Bend Tests are conducted to determine the ductility or strength of a material. Bend tests are divided into two categories.
Bending Ductility Tests
This type of bend testing determines the smallest radius around which a specimen can be bent without cracks forming on the outer radius. This bend test is often used to test the ductility of welds.
Bending Strength Tests
Bending strength test offer a means of determining the modulus of elasticity in bending and the bending strength of flat metallic samples in the form of strip, sheet or plate.
Charpy Impact Testing
Charpy Impact Testing is the application of a sudden applied load confined to a localized area of a material to determine its notch toughness or impact strength.
Charpy impact tests are frequently performed as a means of determining the toughness of a material. A Charpy test sample has a V-notch, keyhole, or U-notch machined on one side, is supported at both ends, and struck from behind the notch by a swinging pendulum of fixed mass. The energy that is absorbed by producing the fracture is referred to as the material’s impact energy. The more impact energy that a material is able to absorb, the tougher the material.
This test is often performed to determine the toughness of roll-over protection systems for farm equipment and automobiles. It is also critical to determine the ‘Ductile to Brittle Transition Temperature’ of materials. This is essential in the failure analysis of structures at subzero temperatures. This is also an essential material property for structural members such as bridge girders.
Tension testing is a routinely used method of determining material strength. A material’s yield strength, ultimate tensile strength and percent elongation (ductility) may be determined from a tension test.
Testlabs International Ltd. machines tensile test specimens, and is capable of performing tension tests at lowered, room or elevated temperatures.
Hardness of a material is defined as a measure of the resistance of a material to surface indentation or abrasion. The hardness of materials is a routinely measured and specified parameter, which is an indication of the strength and heat treatment of the material.
During a hardness test, a ball, diamond cone, or pyramid is forced into the material being tested. The total test force to the area or depth of indentation provides the measure of hardness.
The hardness tests available include:
(a) Rockwell A, B and C Scale
Rockwell hardness testing is the most widely used method for determining hardness. It can determine the hardness of most metals and alloys, ranging from the softest materials to the hardest steels.
(b) Micro Vickers
Vickers hardness testing is a form of Micro-hardness testing, where a Vickers indenter (square-based pyramidal diamond) is forced upon the test surface of the material using loads ranging from 1 to 1000g.
(c) Macro Vickers
Macro-hardness testing utilizes an applied force much greater than a micro-hardness test. Similar to Micro Vickers hardness testing, a pyramidal diamond indenter is forced upon the test surface using loads ranging from 1 to 100 kilograms.
(d) Onsite Hardness Testing (Portable Krautramer)
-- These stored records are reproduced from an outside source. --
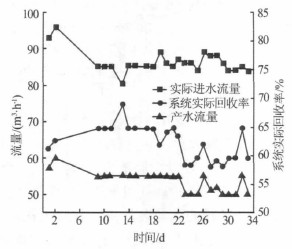 3.1 反滲透系統實際進出水流量和回收率的變化
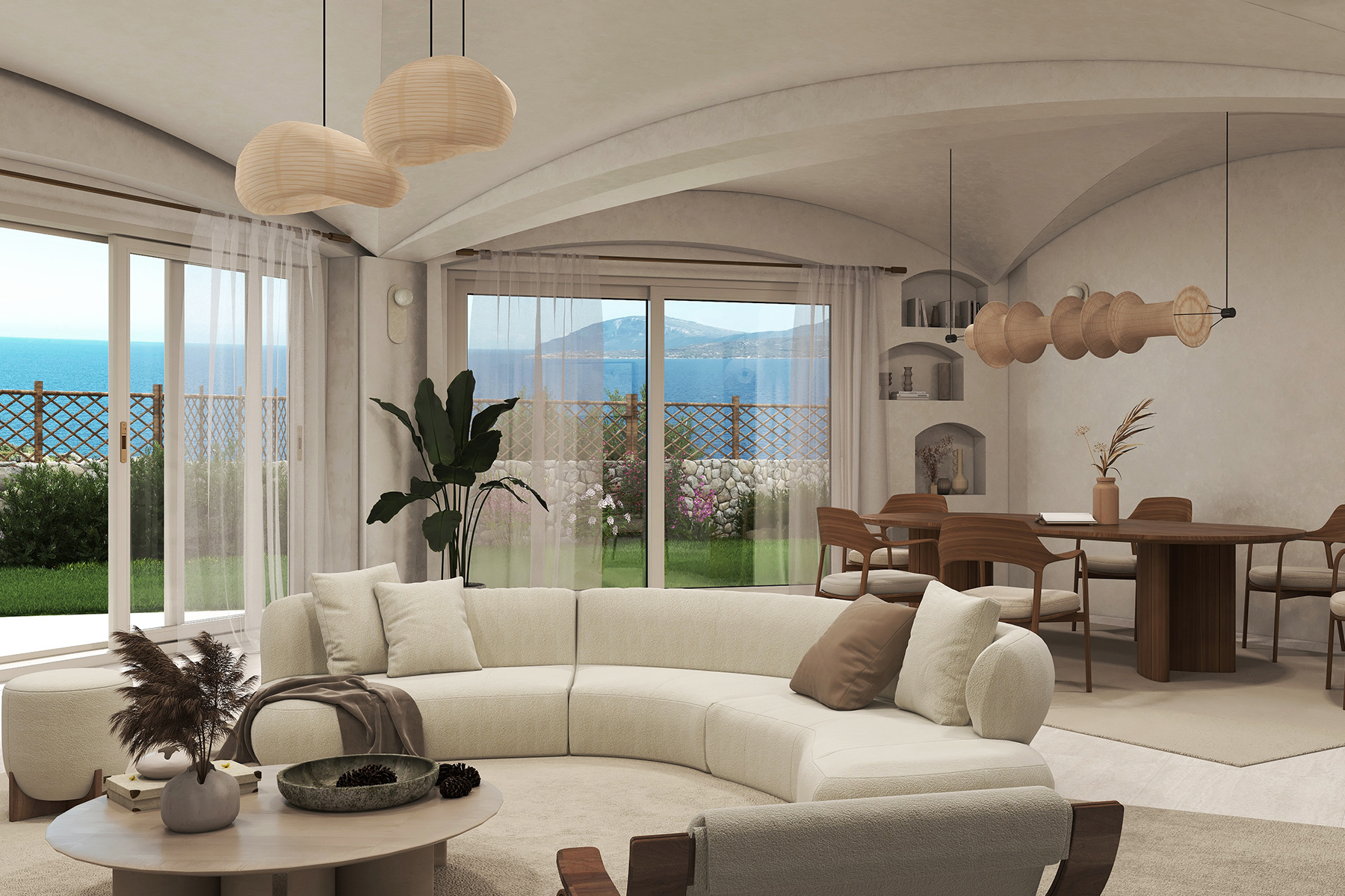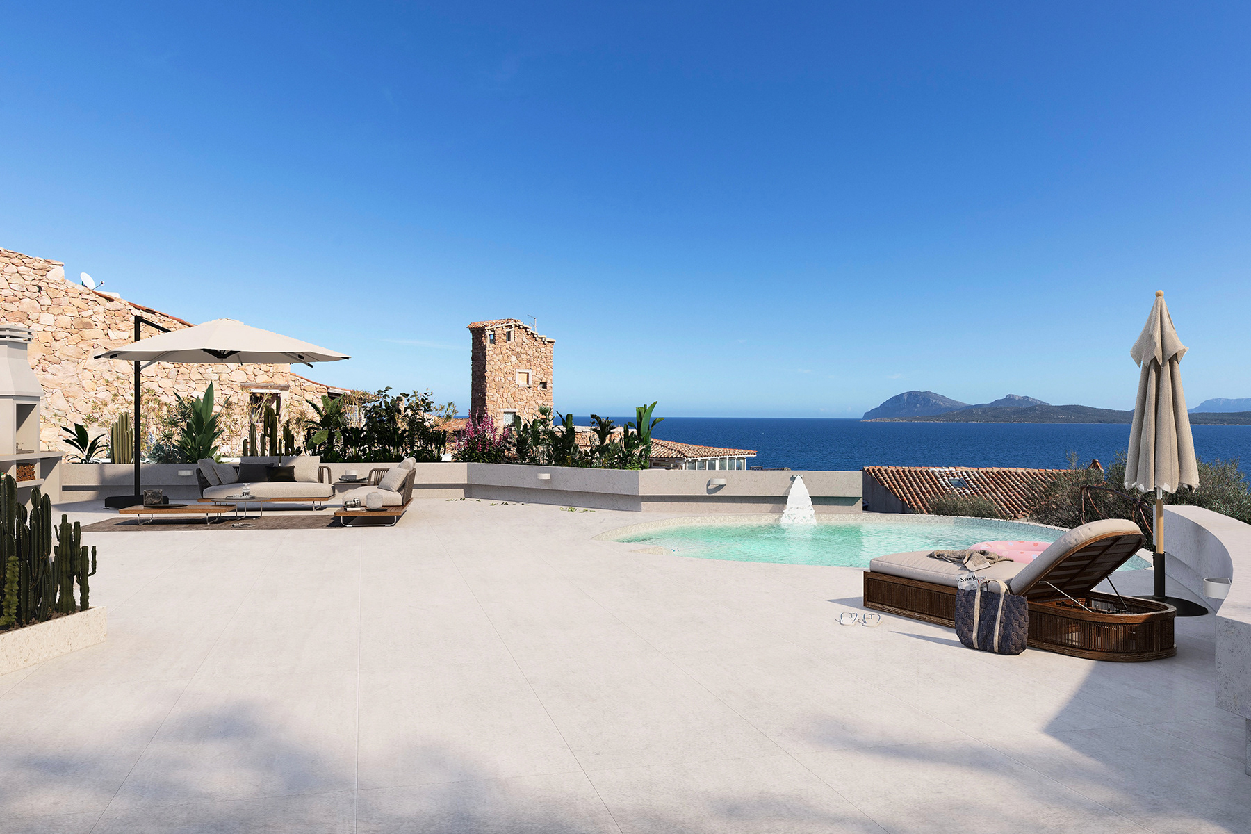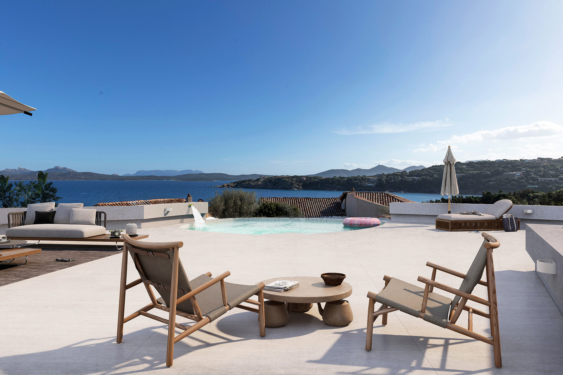 Mediterranean Elegance with Infinity Pool Nestled in the stunning landscapes of Sardinia, Villa Volpe boasts an exquisite infinity pool on a spacious terrace overlooking the serene bay. The villa’s interiors are adorned with earthy Mediterranean tones, reflecting the natural beauty of the surrounding environment. High vaulted ceilings enhance the sense of space and light, creating an airy and inviting atmosphere. Thoughtfully designed to blend luxury with comfort, this villa offers a perfect retreat for those seeking tranquility and elegance amidst the breathtaking Sardinian coastline.
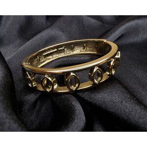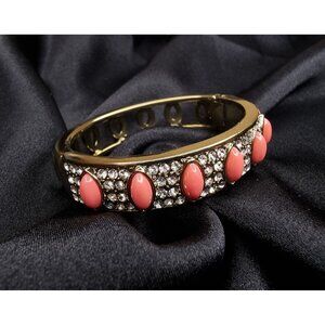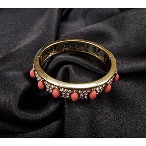 Heidi Daus Gold-Tone Coral Color Cabochon & Crystal Hinged Bangle Bracelet Elega

Onsite hardness testing is performed on components and structures that cannot be removed from service for laboratory testing. Hardness measurements are calculated based on the rebound of the indenter from the test surface. For this reason, this test method has limitations with relation to the mass and thickness of the test sample.
Cyclic and Constant Pressure Hydraulic and Pneumatic Pressure Testing
Pressure testing is used to validate that a pipe, tube, fitting, or component is able to withstand a designed internal pressure with a margin of safety. Pressure testing can consist of non-destructively charging the test sample to a specified, constant pressure, and held for a pre-determined duration. At this pressure the test sample is observed for leaks, or other indications of failure.
Pressure testing can also consist of cyclic fatigue testing to determine if the sample can withstand repeated pressure variations without fatigue and failure. This is a valuable test method as an accelerated test to simulate the life cycle of the test component.